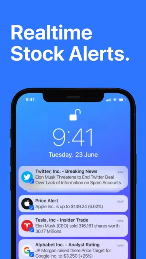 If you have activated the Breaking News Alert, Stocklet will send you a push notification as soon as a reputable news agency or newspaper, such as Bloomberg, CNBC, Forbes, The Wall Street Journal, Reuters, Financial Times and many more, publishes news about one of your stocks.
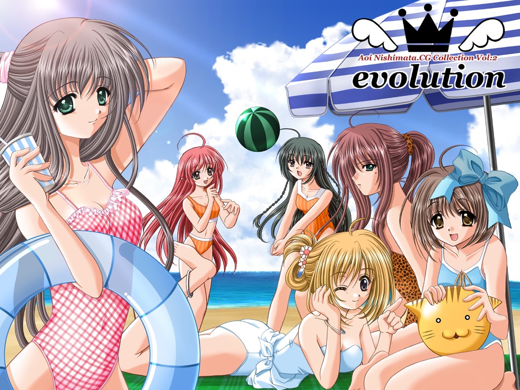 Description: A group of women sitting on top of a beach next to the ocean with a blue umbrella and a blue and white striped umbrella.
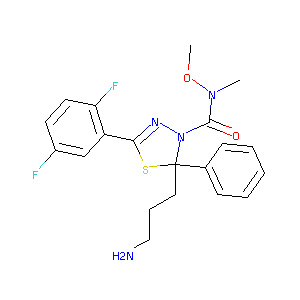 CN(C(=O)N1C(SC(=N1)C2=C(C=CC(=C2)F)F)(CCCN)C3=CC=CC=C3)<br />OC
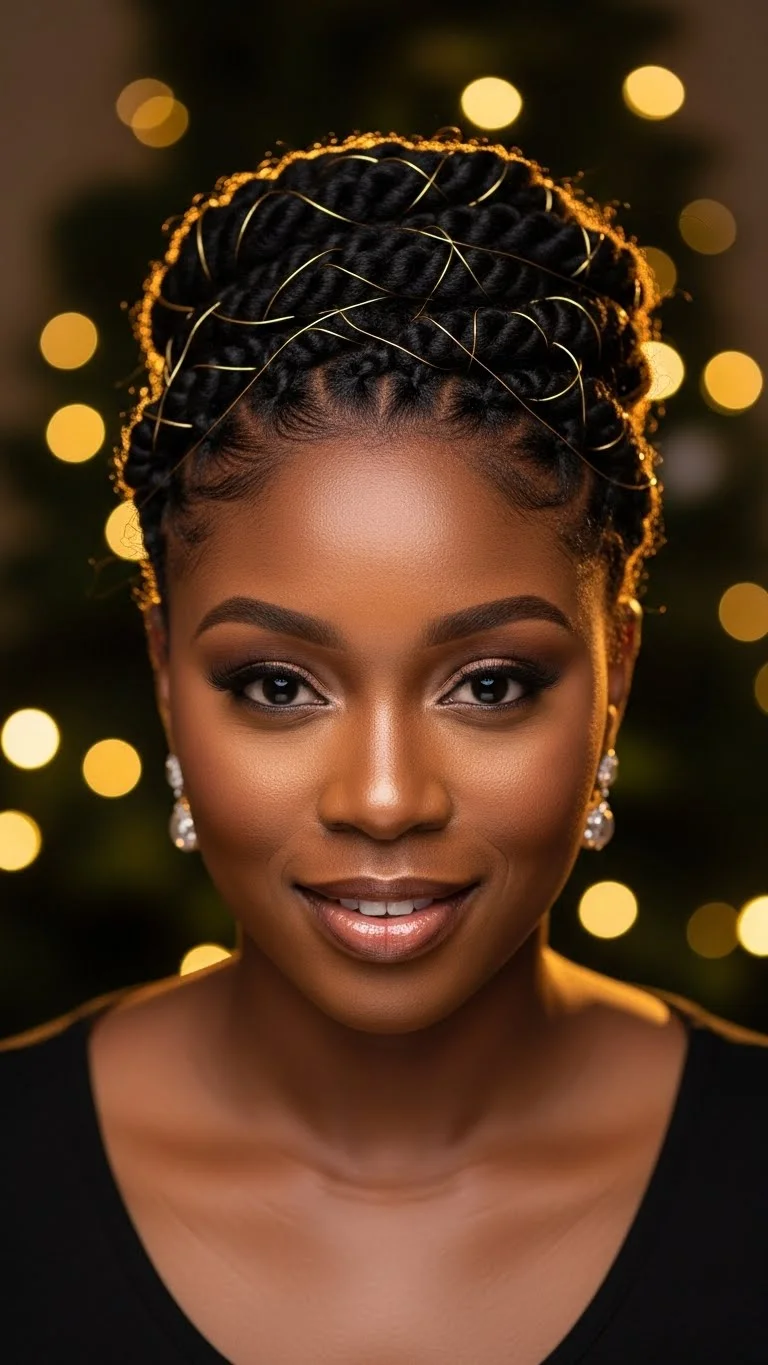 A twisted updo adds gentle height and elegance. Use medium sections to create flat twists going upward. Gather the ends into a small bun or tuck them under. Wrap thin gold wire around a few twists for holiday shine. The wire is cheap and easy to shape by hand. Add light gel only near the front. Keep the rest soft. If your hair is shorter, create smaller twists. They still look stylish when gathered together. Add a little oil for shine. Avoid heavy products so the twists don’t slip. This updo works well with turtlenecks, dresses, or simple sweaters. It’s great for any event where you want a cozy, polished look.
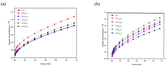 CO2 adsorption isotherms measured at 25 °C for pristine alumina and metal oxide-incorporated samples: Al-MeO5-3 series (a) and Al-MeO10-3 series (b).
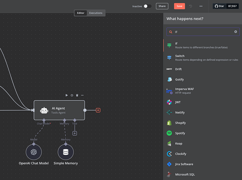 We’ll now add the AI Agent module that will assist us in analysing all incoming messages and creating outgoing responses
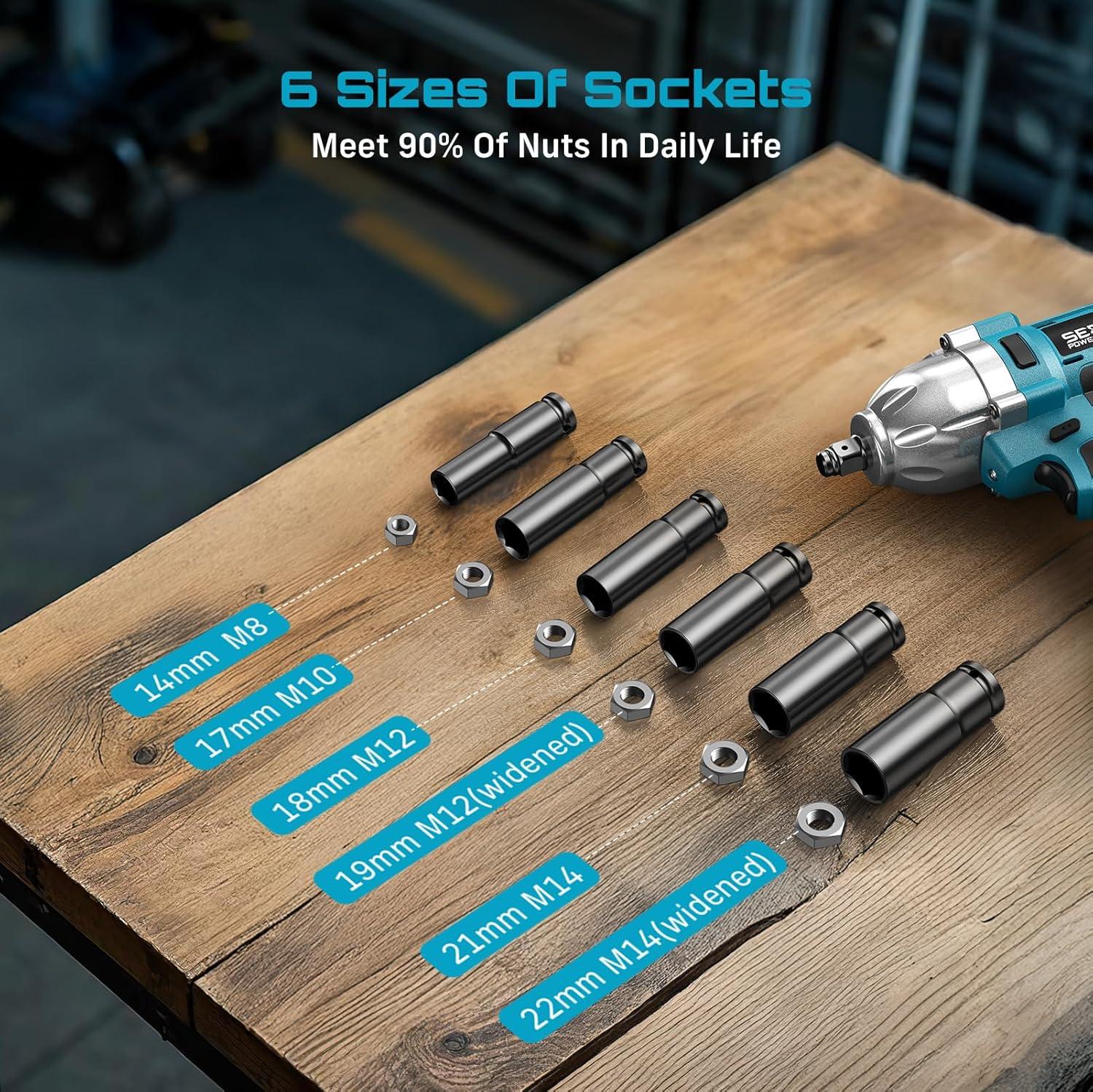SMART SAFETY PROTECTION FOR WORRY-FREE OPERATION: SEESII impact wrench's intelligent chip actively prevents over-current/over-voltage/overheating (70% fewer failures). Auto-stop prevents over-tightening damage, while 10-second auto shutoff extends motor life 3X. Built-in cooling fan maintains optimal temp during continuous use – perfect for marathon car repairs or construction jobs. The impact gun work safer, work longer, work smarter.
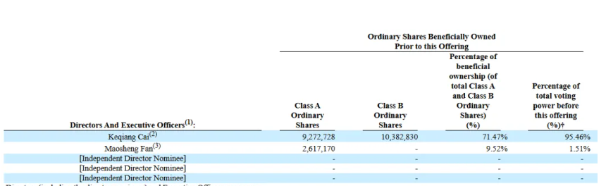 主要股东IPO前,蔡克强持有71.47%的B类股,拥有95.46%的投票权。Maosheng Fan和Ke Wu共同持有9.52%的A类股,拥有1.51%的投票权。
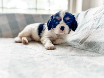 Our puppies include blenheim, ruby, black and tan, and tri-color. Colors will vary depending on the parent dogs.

____________

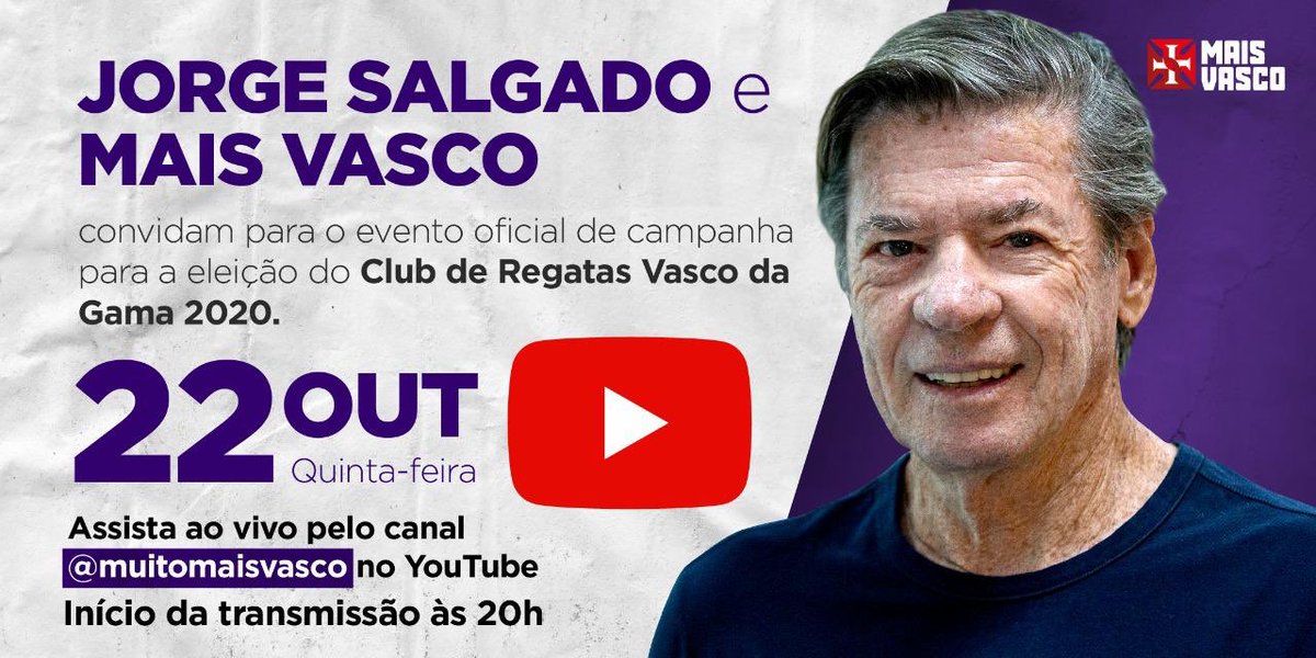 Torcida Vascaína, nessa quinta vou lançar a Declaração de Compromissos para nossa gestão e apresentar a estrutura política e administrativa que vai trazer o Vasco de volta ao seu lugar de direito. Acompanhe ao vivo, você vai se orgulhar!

____________

__WHAT IS EXPECTED__
Your answer should consist of the lines above between those holding "If you have" and "CN(C(=O)N1C(SC(=N1)C2=C(C=CC(=C2)F)F)(CCCN)C3=CC=CC=C3)<br />OC", inclusive, reproduced word for word and without pictures.

__RESPONSE TO THIS TASK__
 If you have activated the Breaking News Alert, Stocklet will send you a push notification as soon as a reputable news agency or newspaper, such as Bloomberg, CNBC, Forbes, The Wall Street Journal, Reuters, Financial Times and many more, publishes news about one of your stocks.
 Description: A group of women sitting on top of a beach next to the ocean with a blue umbrella and a blue and white striped umbrella.
 CN(C(=O)N1C(SC(=N1)C2=C(C=CC(=C2)F)F)(CCCN)C3=CC=CC=C3)<br />OC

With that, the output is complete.